:: WHAT TO DO ::
Find the line with "אם הכנסת מייל הקישור להורדה מגיע לשם" in the records below. Output exactly from there until after the line with "据定期报告数据统计,近三年平", without pictures.
━━ INFORMATION ━━
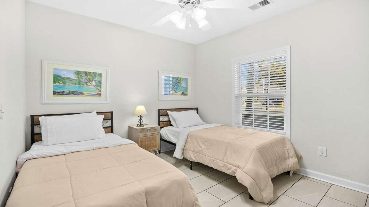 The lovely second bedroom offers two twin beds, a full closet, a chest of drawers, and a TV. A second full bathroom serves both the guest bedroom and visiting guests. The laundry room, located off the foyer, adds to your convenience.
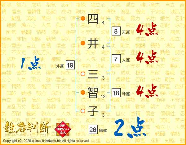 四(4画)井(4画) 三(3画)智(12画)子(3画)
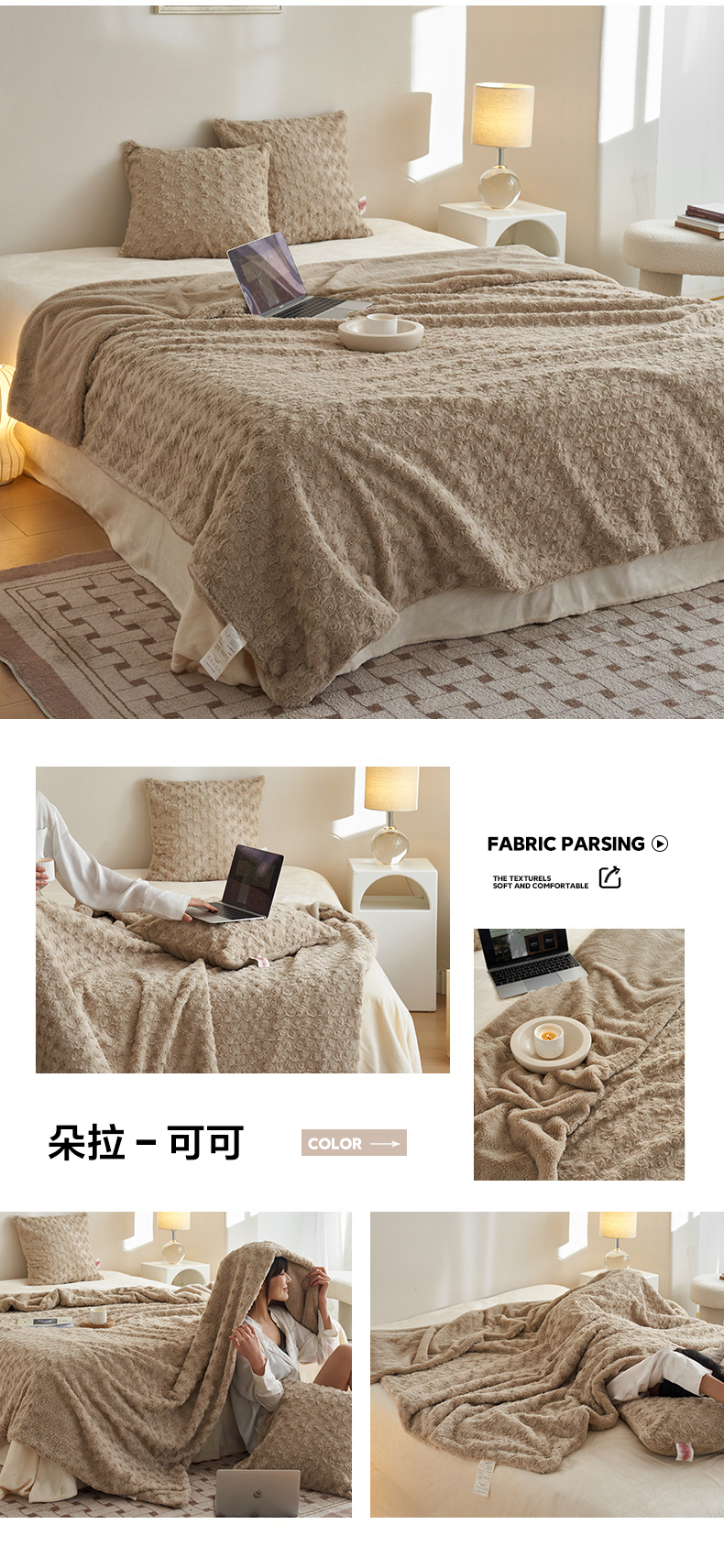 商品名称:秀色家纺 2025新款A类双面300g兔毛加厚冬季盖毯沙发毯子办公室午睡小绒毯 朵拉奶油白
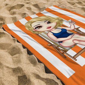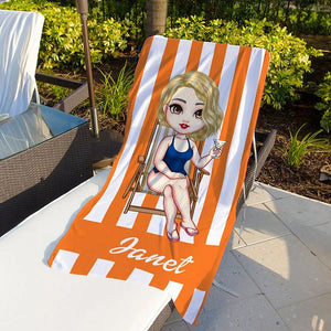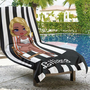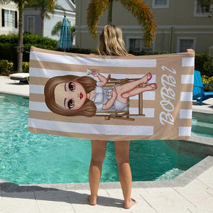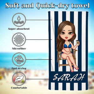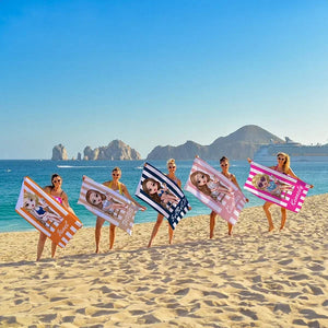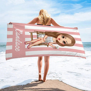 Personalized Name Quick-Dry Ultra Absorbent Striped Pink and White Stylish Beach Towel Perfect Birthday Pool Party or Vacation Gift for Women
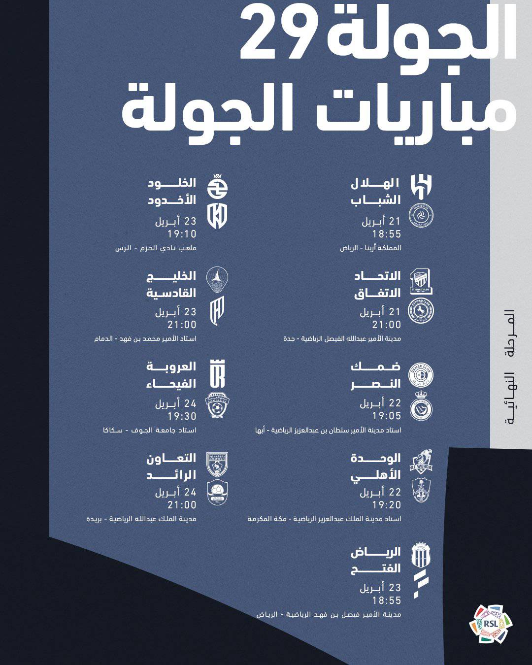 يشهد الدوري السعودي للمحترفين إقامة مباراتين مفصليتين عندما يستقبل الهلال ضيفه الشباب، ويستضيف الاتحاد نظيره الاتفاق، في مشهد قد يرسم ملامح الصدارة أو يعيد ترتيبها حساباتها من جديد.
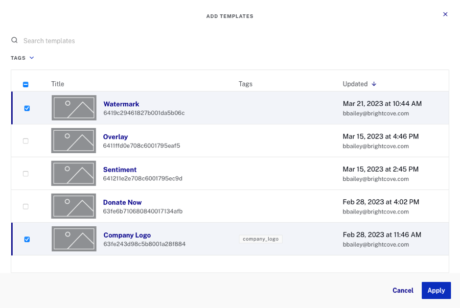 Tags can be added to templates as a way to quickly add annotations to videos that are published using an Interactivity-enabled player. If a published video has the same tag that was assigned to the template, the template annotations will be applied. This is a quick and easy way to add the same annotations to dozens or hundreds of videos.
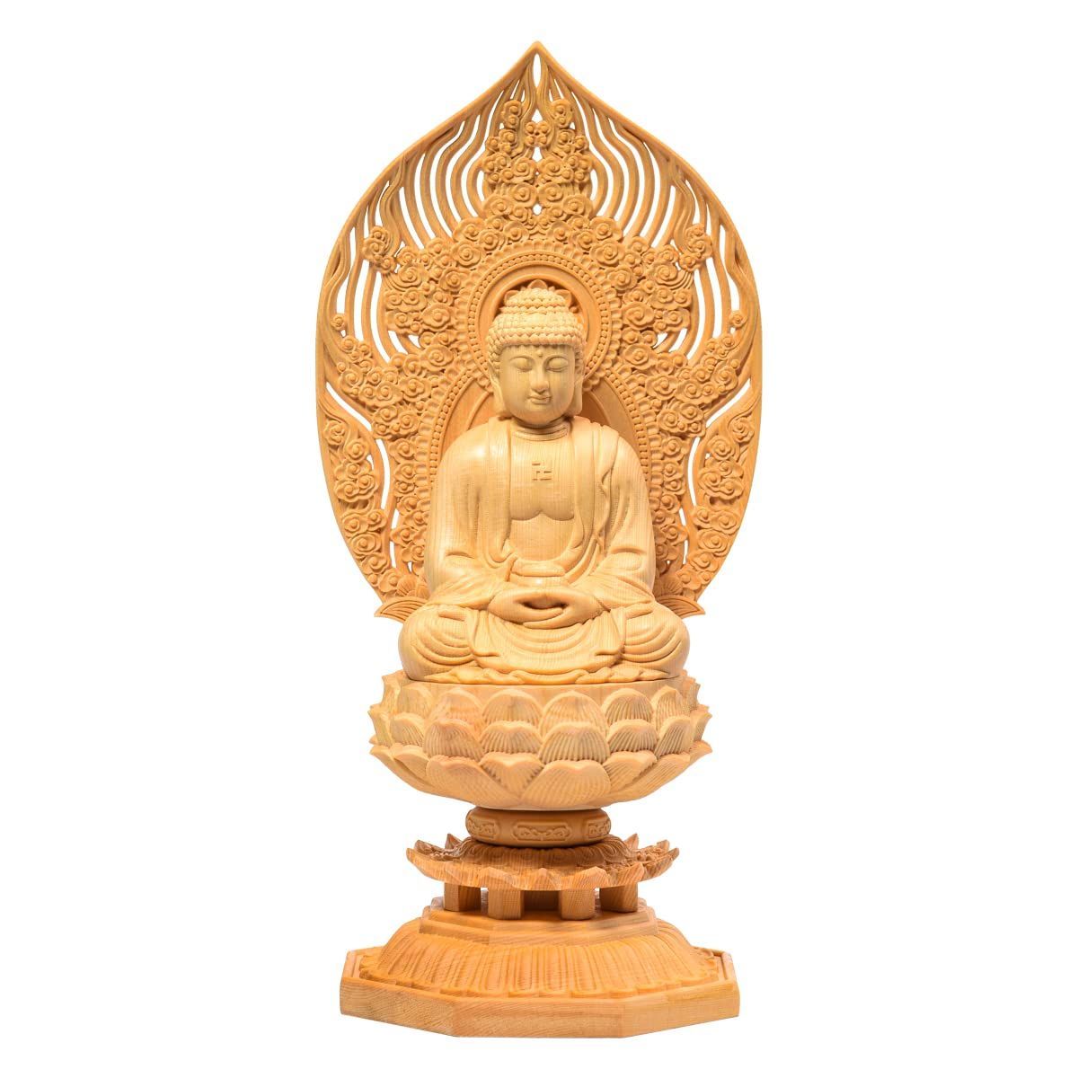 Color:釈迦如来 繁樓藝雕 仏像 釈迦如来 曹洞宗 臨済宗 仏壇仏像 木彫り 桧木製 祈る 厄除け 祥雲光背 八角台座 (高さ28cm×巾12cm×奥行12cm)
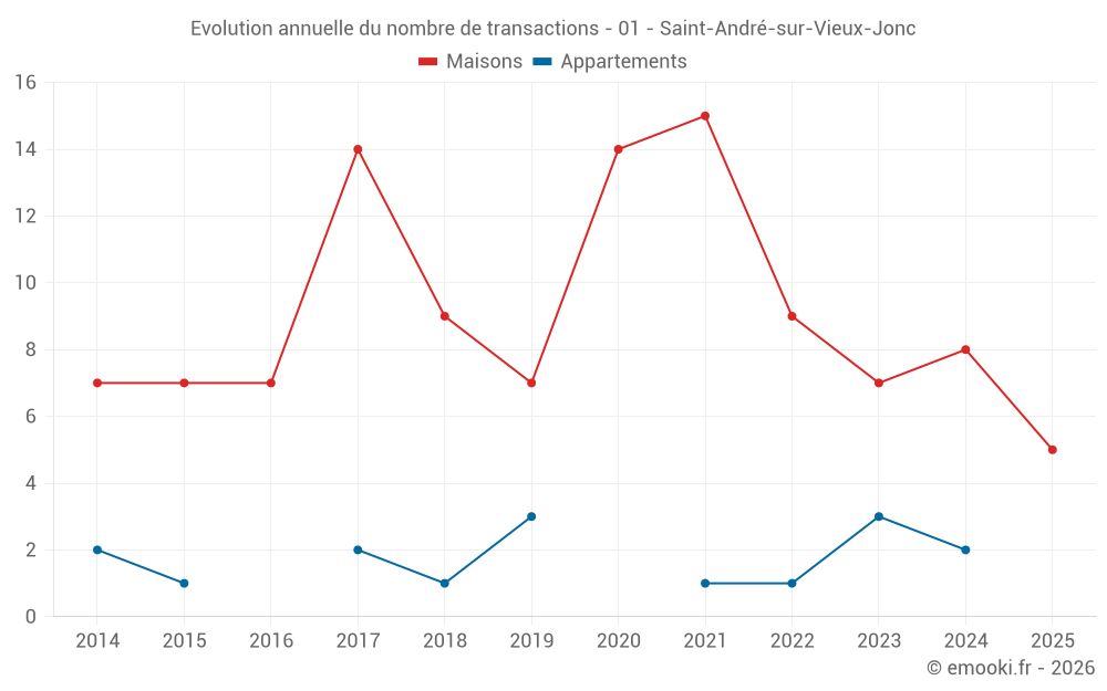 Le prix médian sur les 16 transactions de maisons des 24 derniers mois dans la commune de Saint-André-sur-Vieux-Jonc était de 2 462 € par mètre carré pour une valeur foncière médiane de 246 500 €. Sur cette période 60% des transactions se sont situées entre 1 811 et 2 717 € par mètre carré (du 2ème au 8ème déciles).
━━━
━━ INFORMATION ━━
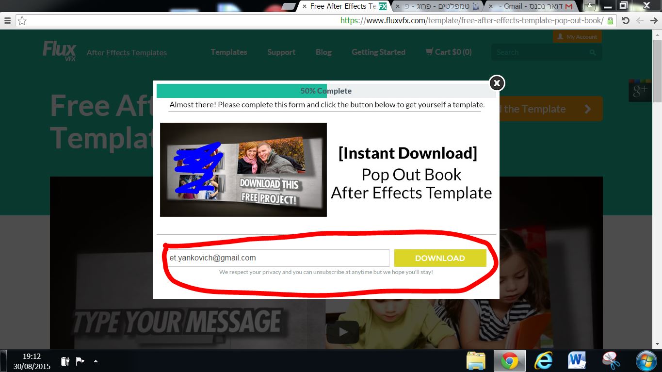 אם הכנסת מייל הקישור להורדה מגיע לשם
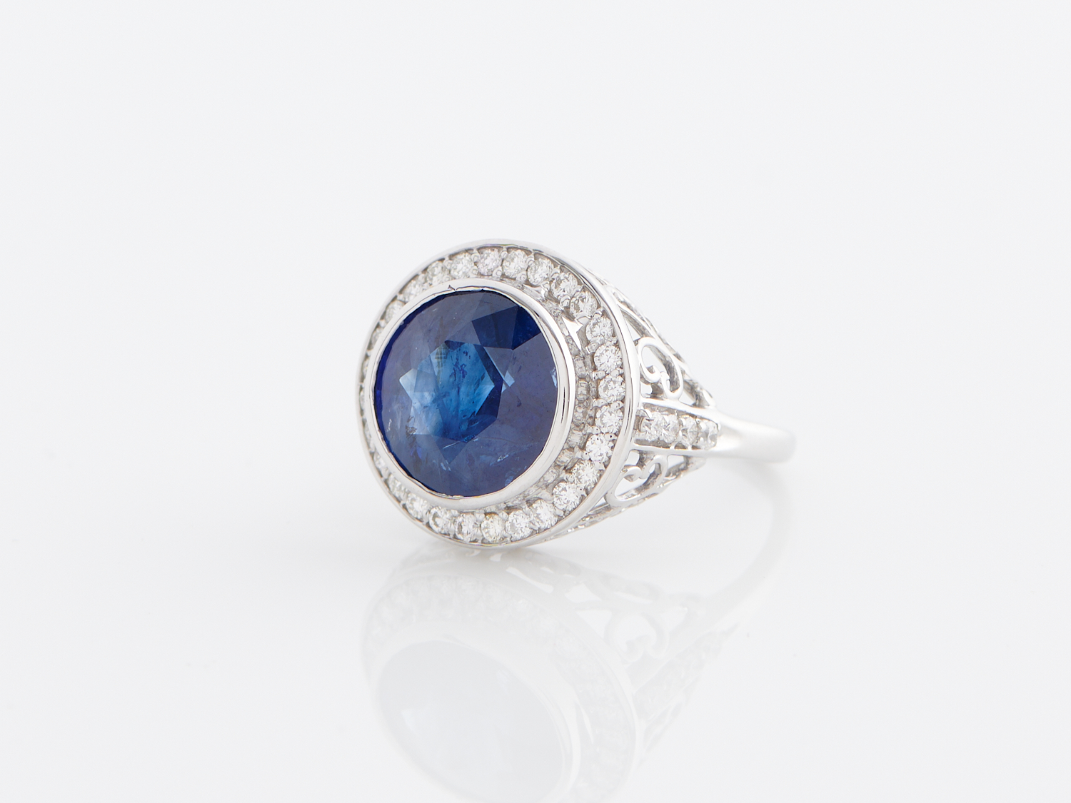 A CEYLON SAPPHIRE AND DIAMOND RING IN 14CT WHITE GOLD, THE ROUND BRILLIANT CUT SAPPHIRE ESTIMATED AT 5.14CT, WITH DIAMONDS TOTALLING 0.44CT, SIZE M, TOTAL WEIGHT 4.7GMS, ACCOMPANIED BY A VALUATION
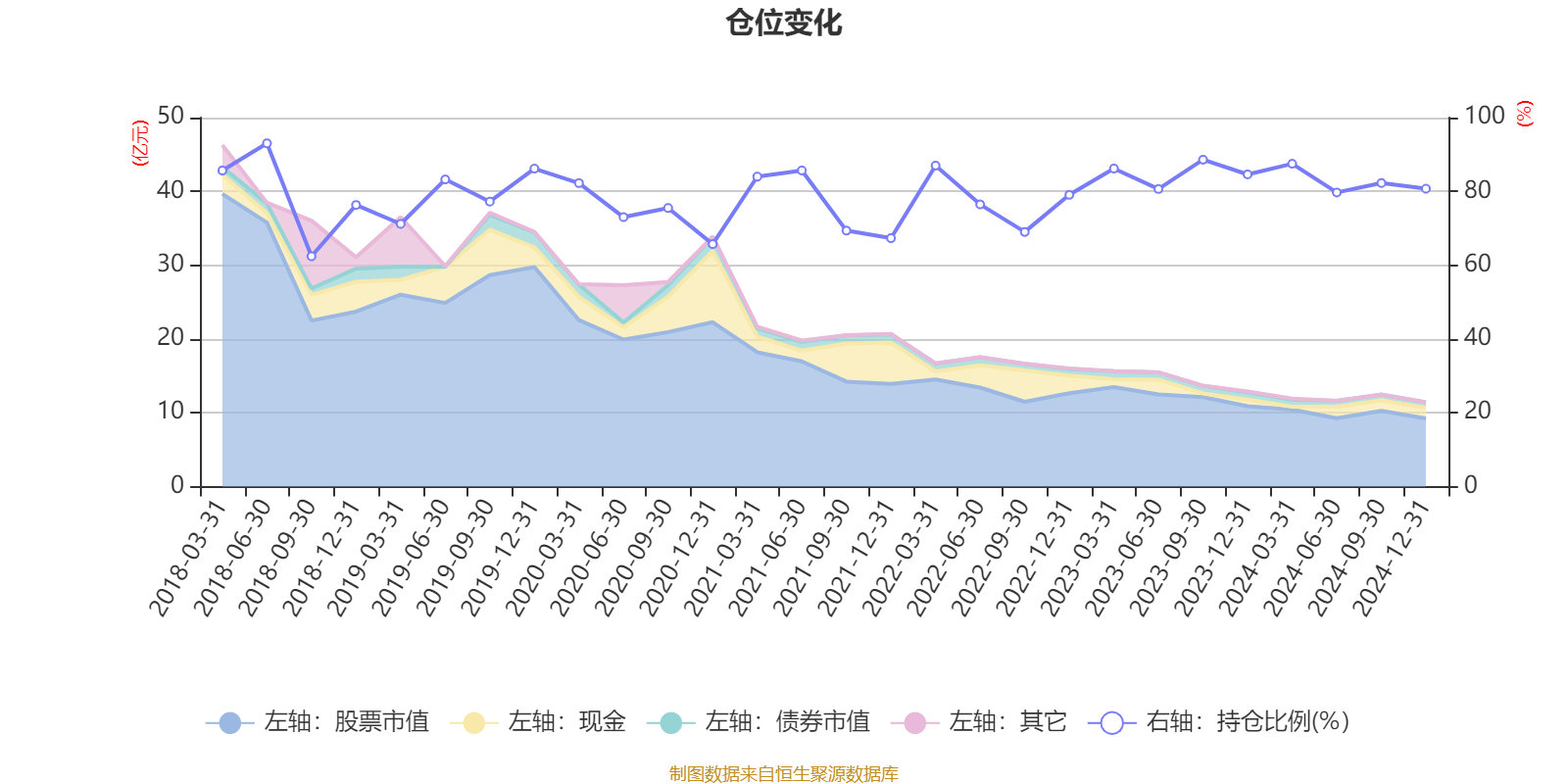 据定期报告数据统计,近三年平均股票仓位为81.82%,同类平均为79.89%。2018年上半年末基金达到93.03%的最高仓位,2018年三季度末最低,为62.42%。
━━━
━━ INFORMATION ━━
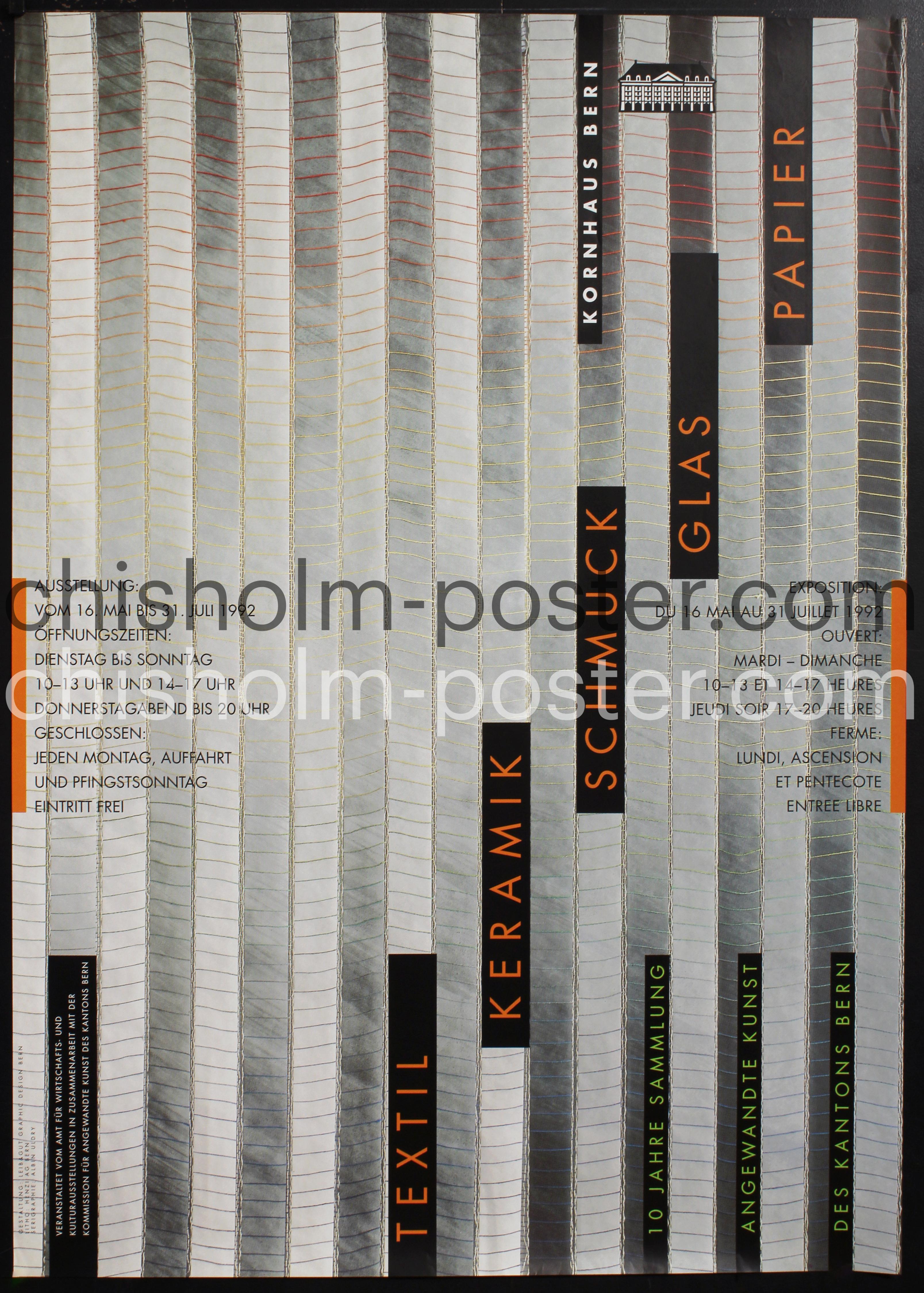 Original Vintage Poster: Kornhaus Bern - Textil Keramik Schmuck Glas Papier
━━━
:: RESULT FOR THIS EXERCISE ::
 אם הכנסת מייל הקישור להורדה מגיע לשם
 A CEYLON SAPPHIRE AND DIAMOND RING IN 14CT WHITE GOLD, THE ROUND BRILLIANT CUT SAPPHIRE ESTIMATED AT 5.14CT, WITH DIAMONDS TOTALLING 0.44CT, SIZE M, TOTAL WEIGHT 4.7GMS, ACCOMPANIED BY A VALUATION
 据定期报告数据统计,近三年平均股票仓位为81.82%,同类平均为79.89%。2018年上半年末基金达到93.03%的最高仓位,2018年三季度末最低,为62.42%。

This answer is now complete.